The data:

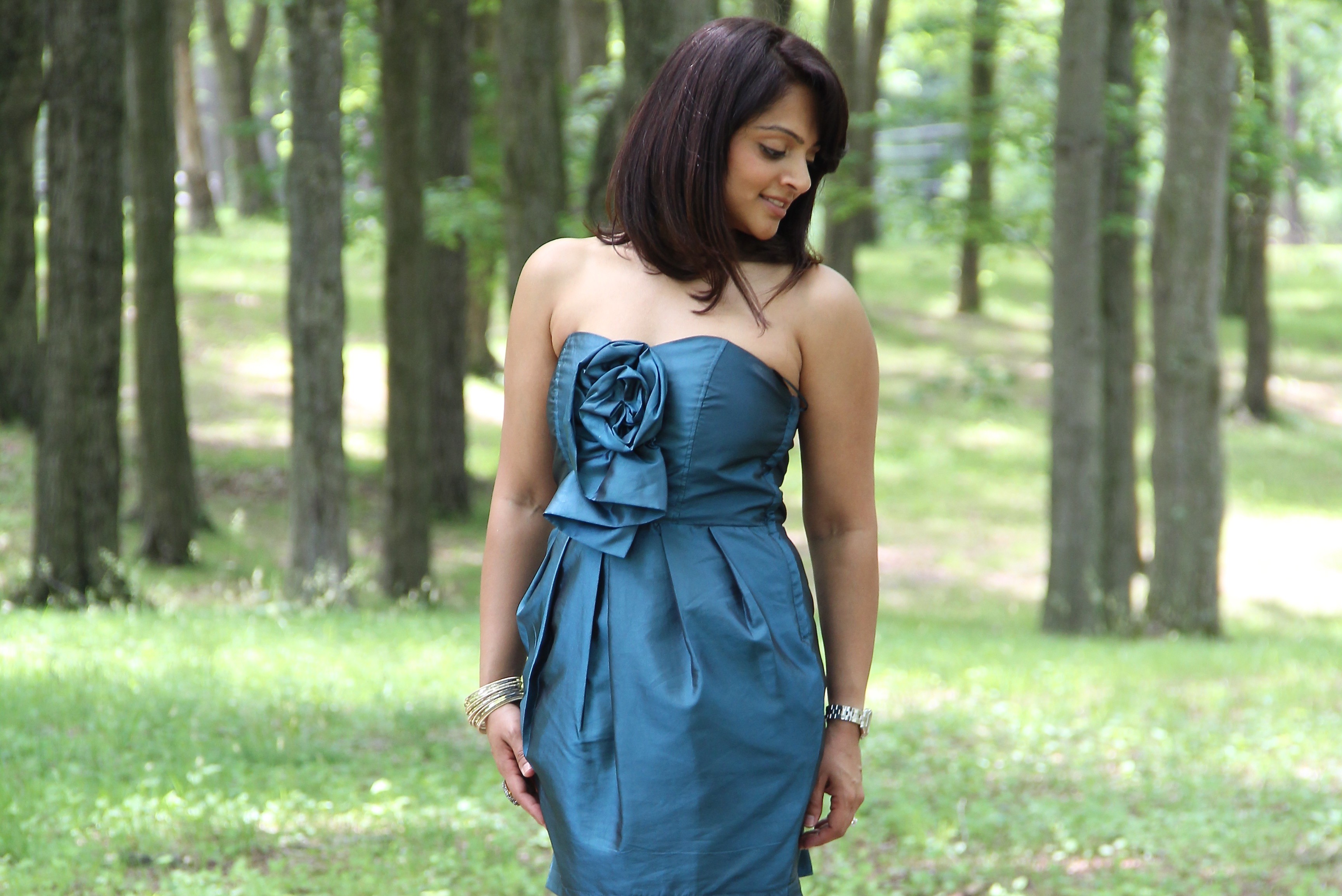 This is where Nina got risky and came out with the biggest reward! She realized that she had a skirt of an Indian outfit that had work on it that matched the same color of her dress (the dark teal color). She figured to put the two together just to see what it looked like, turns out it worked! It created a long anarkali look that seems to be trending these days. It was a definite hit at the party too as it was a twist that was still Indian inspired!
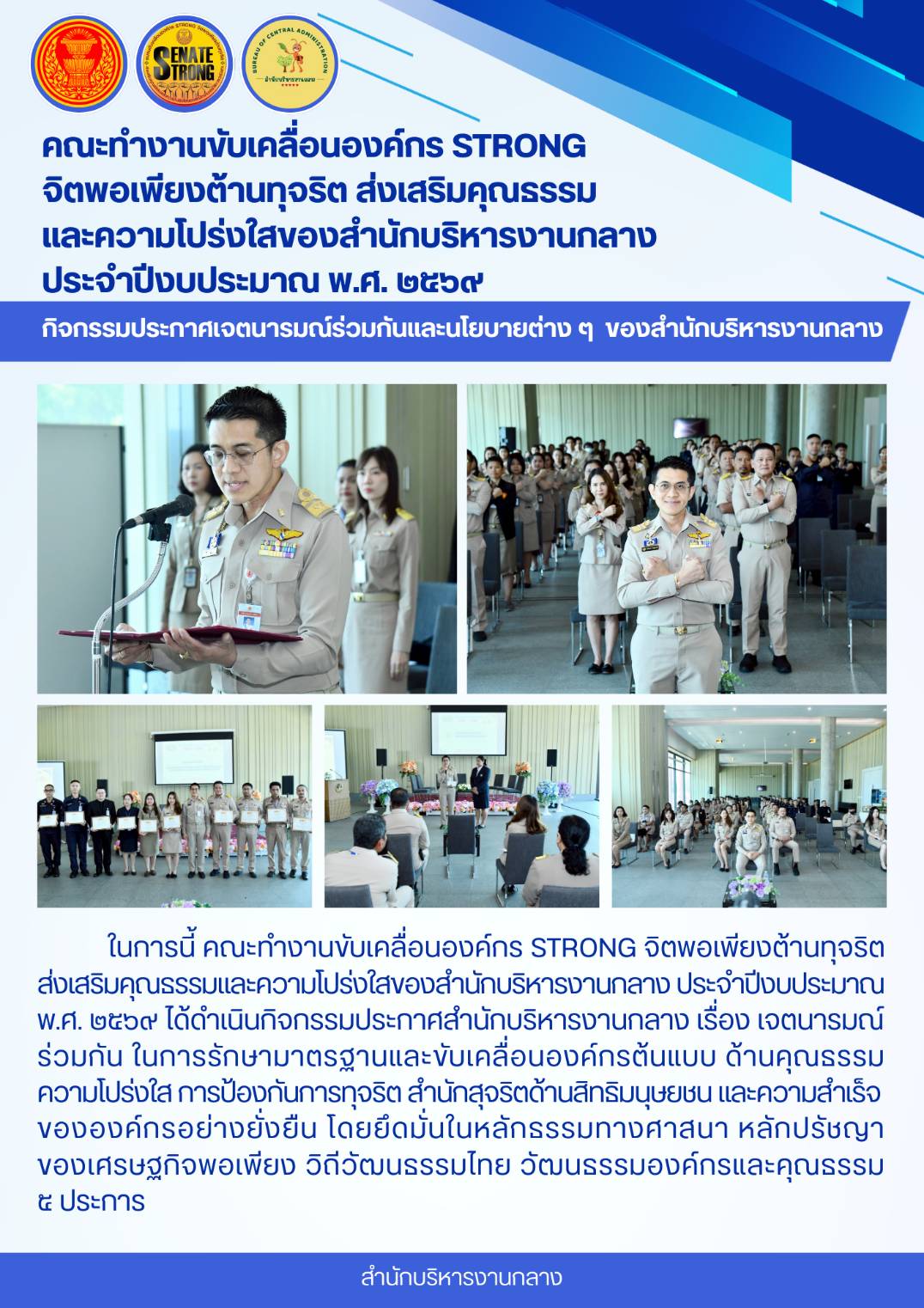 กิจกรรมประกาศเจตนารมณ์ร่วมกันและนโยบายต่าง ๆ ของสำนักบริหารงานกลาง
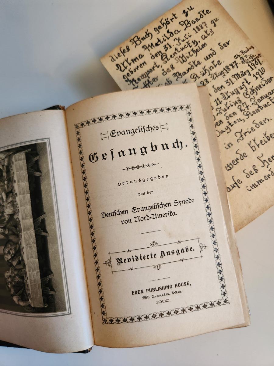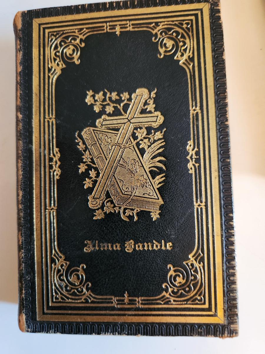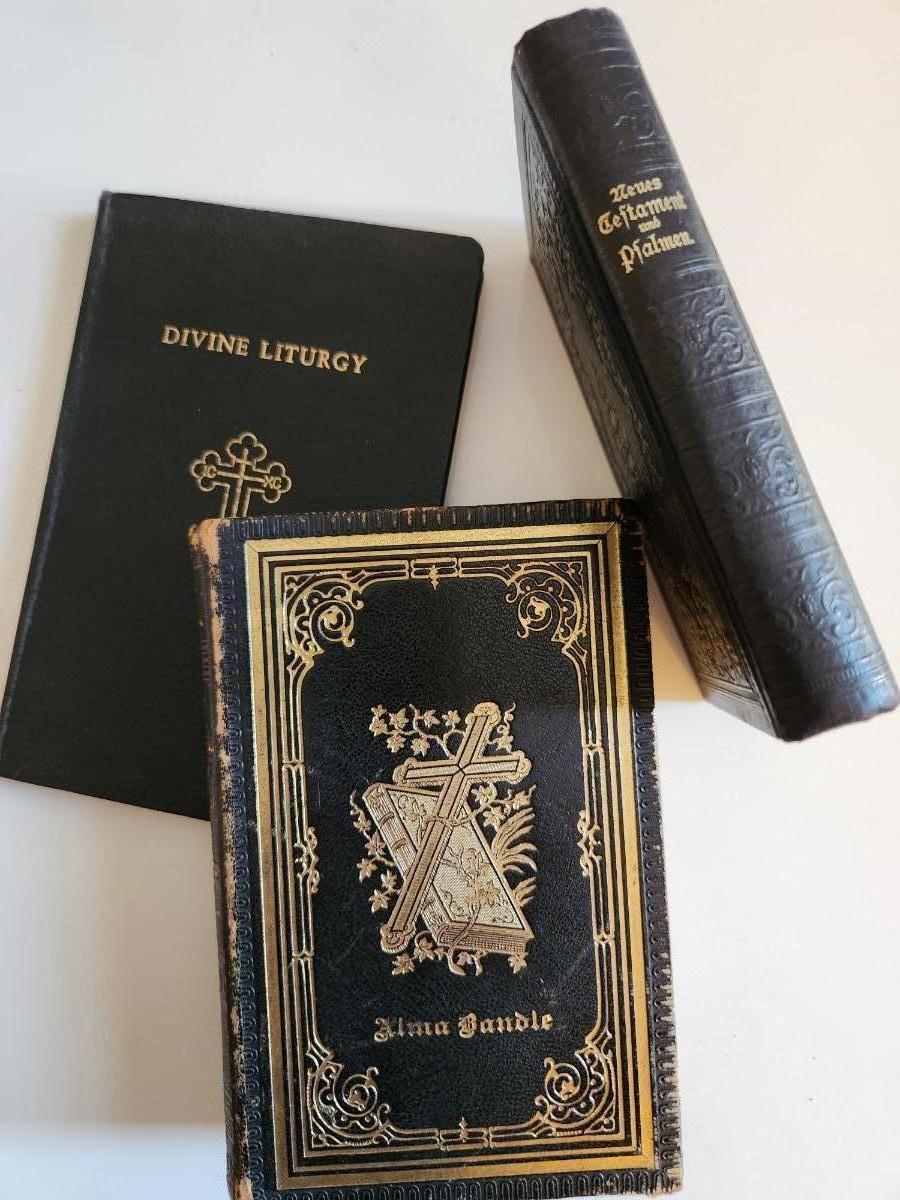 This auction lot is for a 1900 German Evangelical Missal with the name Alma Bandle inscribed on the cover. This beautiful book is a treasure with an included written note in nice script telling of her birth in 1887 in Newport, KY and a listing of her various relatives. There is a nameplate of her great grandson on the flyleaf. This offering also includes a copy of Divine Liturgy 1967 and another wonderful small Testament dated 1899 printed in German.

The problem: Where pictures sit among the data above, omit them, and output the rest exactly.

Answer to the problem:
 This is where Nina got risky and came out with the biggest reward! She realized that she had a skirt of an Indian outfit that had work on it that matched the same color of her dress (the dark teal color). She figured to put the two together just to see what it looked like, turns out it worked! It created a long anarkali look that seems to be trending these days. It was a definite hit at the party too as it was a twist that was still Indian inspired!
 กิจกรรมประกาศเจตนารมณ์ร่วมกันและนโยบายต่าง ๆ ของสำนักบริหารงานกลาง
 This auction lot is for a 1900 German Evangelical Missal with the name Alma Bandle inscribed on the cover. This beautiful book is a treasure with an included written note in nice script telling of her birth in 1887 in Newport, KY and a listing of her various relatives. There is a nameplate of her great grandson on the flyleaf. This offering also includes a copy of Divine Liturgy 1967 and another wonderful small Testament dated 1899 printed in German.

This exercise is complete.